(Dataset items)
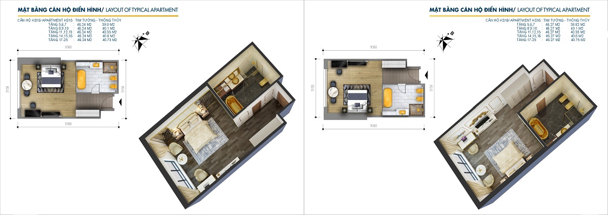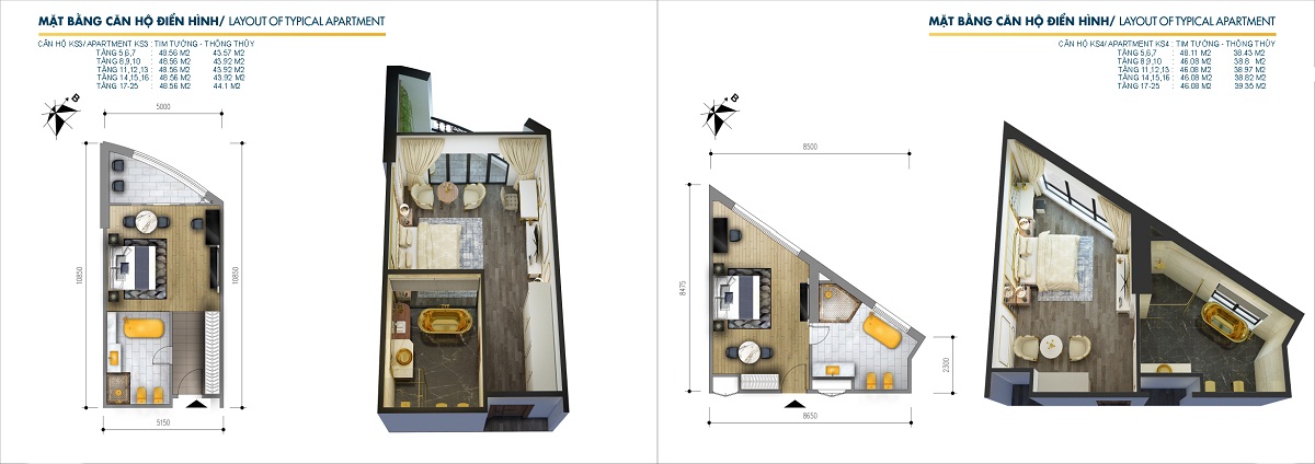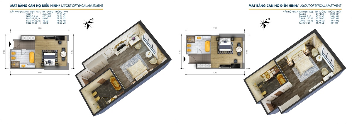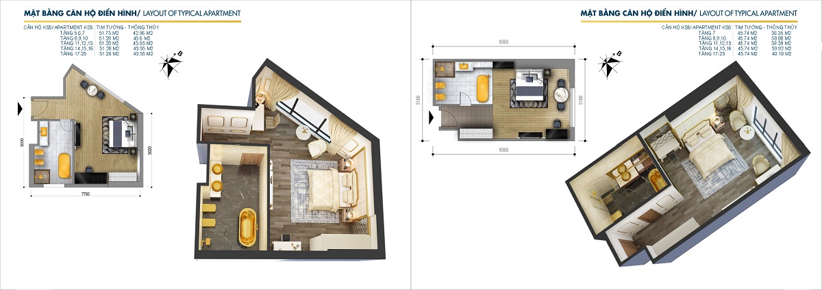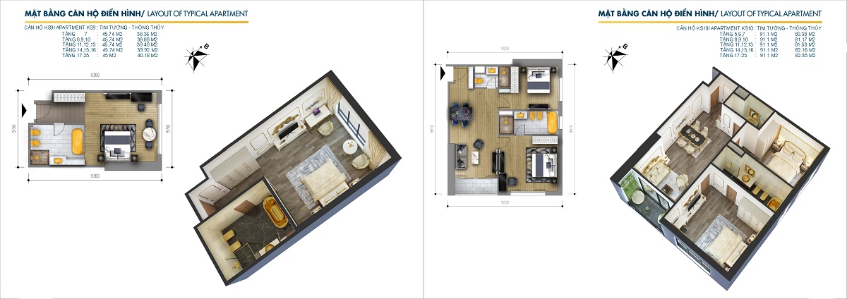 Diện tích 41,5 – 85,5 m2
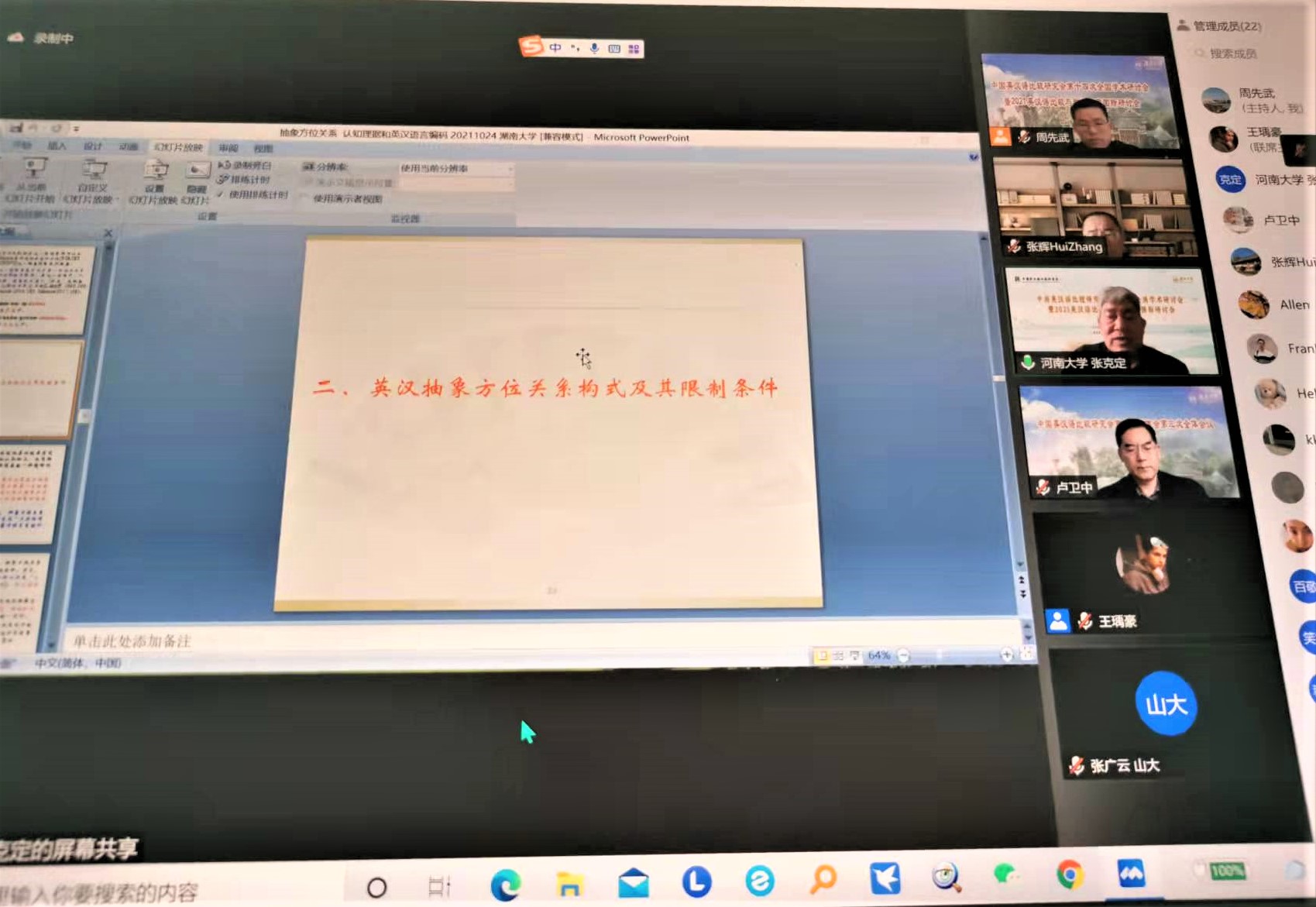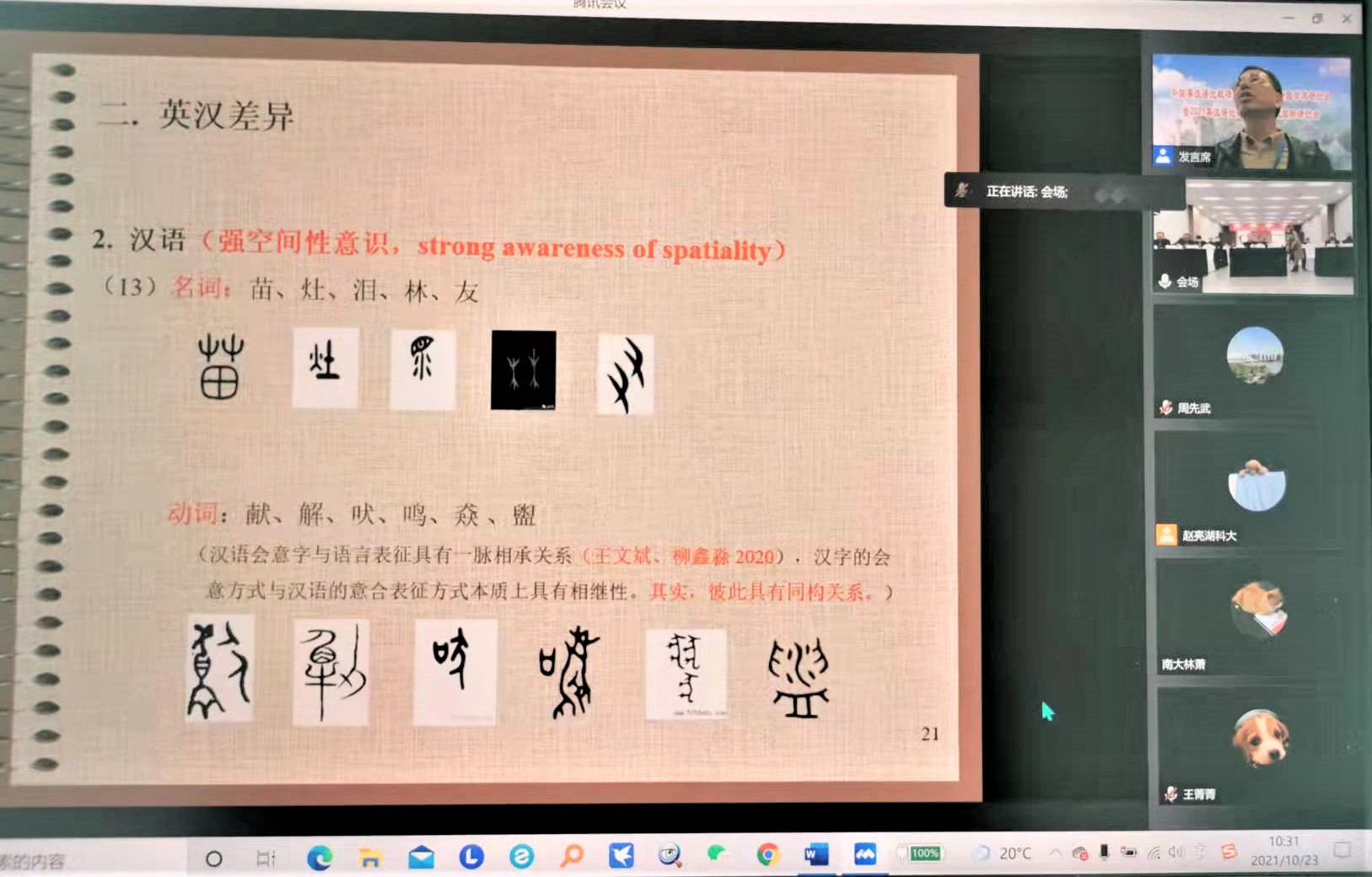 2021年10月22-24日,意昂周先武博士应邀在线参与中国英汉语比较研究会第十四次全国学术研讨会暨2021英汉语比较与翻译研究国际研讨会,在“语言认知研究”第二分会场担任分会场主持人,并作题为“汉英实体范畴隐喻和转喻型概念合成的语义复合模式对比研究”的学术交流。
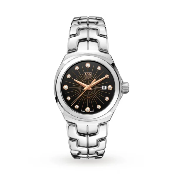 - Striking black dial with radial sparks and glistening diamond indexes
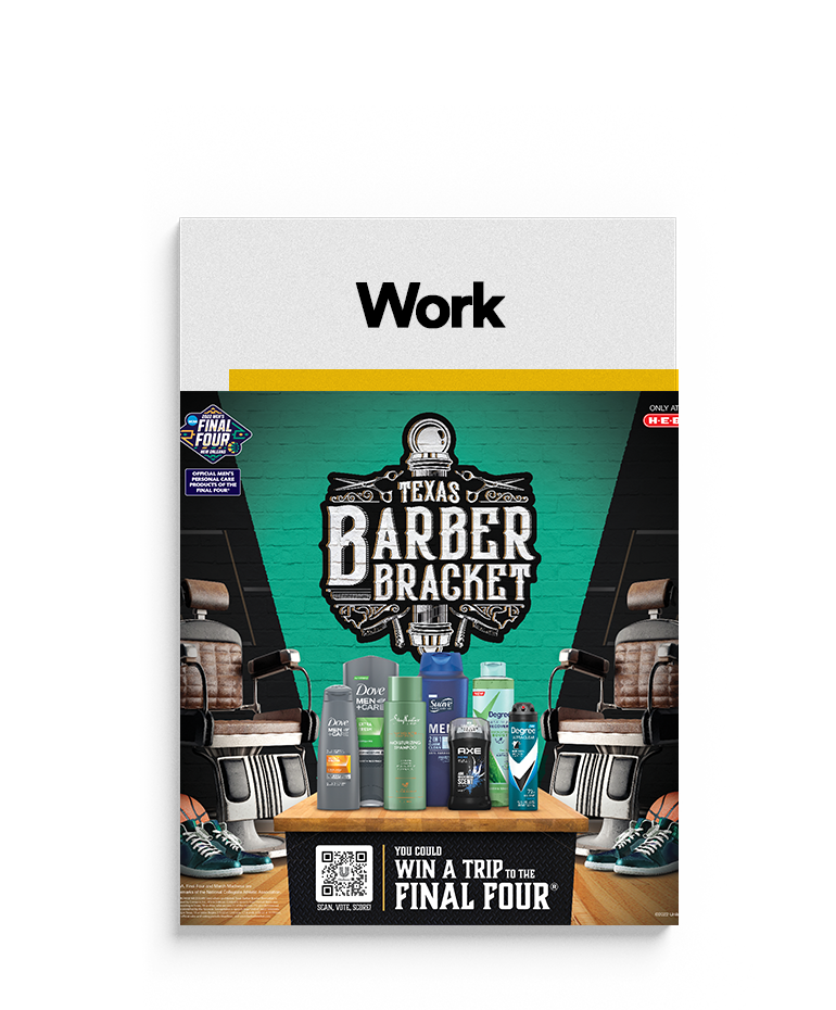 To round out our NCAA celebration, we also took our 2022 H-E-B Texas Barber Bracket and made it even bigger for 2023—continuing to support the trade school community by championing student barbers. The bracket-style challenge culminated with the Final Four student barbers appearing at a pop-up event at a Houston H-E-B during Final Four weekend. Shoppers got a spin in the barber chair as the student barbers competed for a grant to help further their career and education.
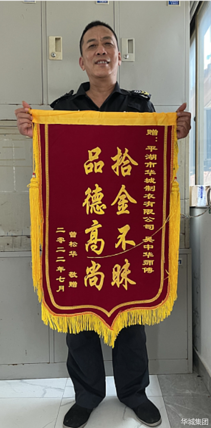 當(dāng)?shù)玫较⒌脑扇A急匆匆趕來(lái),捧著失而復(fù)得的包時(shí),心里的激動(dòng)無(wú)法表達(dá)。一定要向吳中華當(dāng)面酬謝,吳中華堅(jiān)決拒絕。包包找到失主,他同樣開(kāi)心不已。為了表達(dá)衷心的謝意,隔日,曾松華又來(lái)到華城制衣,向吳中華送上“拾金不昧,品德高尚”錦旗。
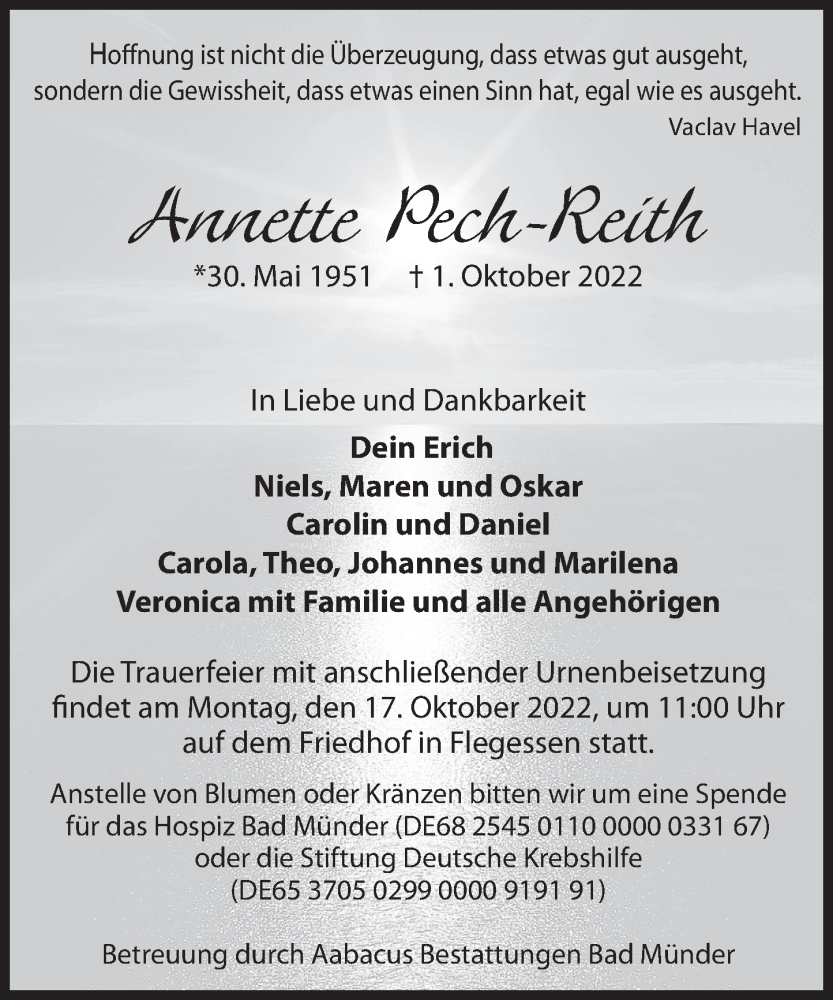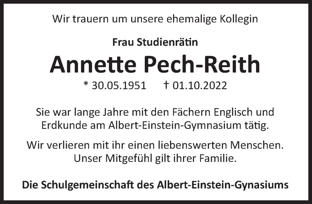 Hier finden Sie alle Traueranzeigen aus der Zeitung, die bisher für Annette Pech-Reith erschienen sind. Weitere Traueranzeigen, die in der Zeitung erscheinen, werden hier ebenfalls aufgelistet
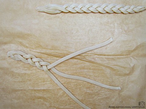 길게 만들어서 한 번에 땋아버리면 좋을 텐데 남은 반죽이 얼마 없어서 짧은 새끼줄을 세 개 만들어 붙였네요.
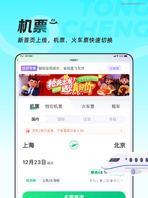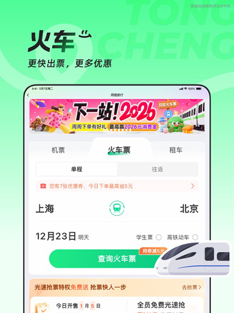 1、新客大礼:同程旅行APP新用户可在同程APP内参与领取新客大礼包,内含国内机票、火车票、国内酒店、景点门票、汽车票、用车打车等新客专享红包,先领券再下单更划算,详情以活动内规则为准。

#### WORK TO COMPLETE
Give an exact copy of the data, and omit any pictures it holds.

#### ANSWER BELOW
 Diện tích 41,5 – 85,5 m2
 2021年10月22-24日,意昂周先武博士应邀在线参与中国英汉语比较研究会第十四次全国学术研讨会暨2021英汉语比较与翻译研究国际研讨会,在“语言认知研究”第二分会场担任分会场主持人,并作题为“汉英实体范畴隐喻和转喻型概念合成的语义复合模式对比研究”的学术交流。
 - Striking black dial with radial sparks and glistening diamond indexes
 To round out our NCAA celebration, we also took our 2022 H-E-B Texas Barber Bracket and made it even bigger for 2023—continuing to support the trade school community by championing student barbers. The bracket-style challenge culminated with the Final Four student barbers appearing at a pop-up event at a Houston H-E-B during Final Four weekend. Shoppers got a spin in the barber chair as the student barbers competed for a grant to help further their career and education.
 當(dāng)?shù)玫较⒌脑扇A急匆匆趕來(lái),捧著失而復(fù)得的包時(shí),心里的激動(dòng)無(wú)法表達(dá)。一定要向吳中華當(dāng)面酬謝,吳中華堅(jiān)決拒絕。包包找到失主,他同樣開(kāi)心不已。為了表達(dá)衷心的謝意,隔日,曾松華又來(lái)到華城制衣,向吳中華送上“拾金不昧,品德高尚”錦旗。
 Hier finden Sie alle Traueranzeigen aus der Zeitung, die bisher für Annette Pech-Reith erschienen sind. Weitere Traueranzeigen, die in der Zeitung erscheinen, werden hier ebenfalls aufgelistet
 길게 만들어서 한 번에 땋아버리면 좋을 텐데 남은 반죽이 얼마 없어서 짧은 새끼줄을 세 개 만들어 붙였네요.
 1、新客大礼:同程旅行APP新用户可在同程APP内参与领取新客大礼包,内含国内机票、火车票、国内酒店、景点门票、汽车票、用车打车等新客专享红包,先领券再下单更划算,详情以活动内规则为准。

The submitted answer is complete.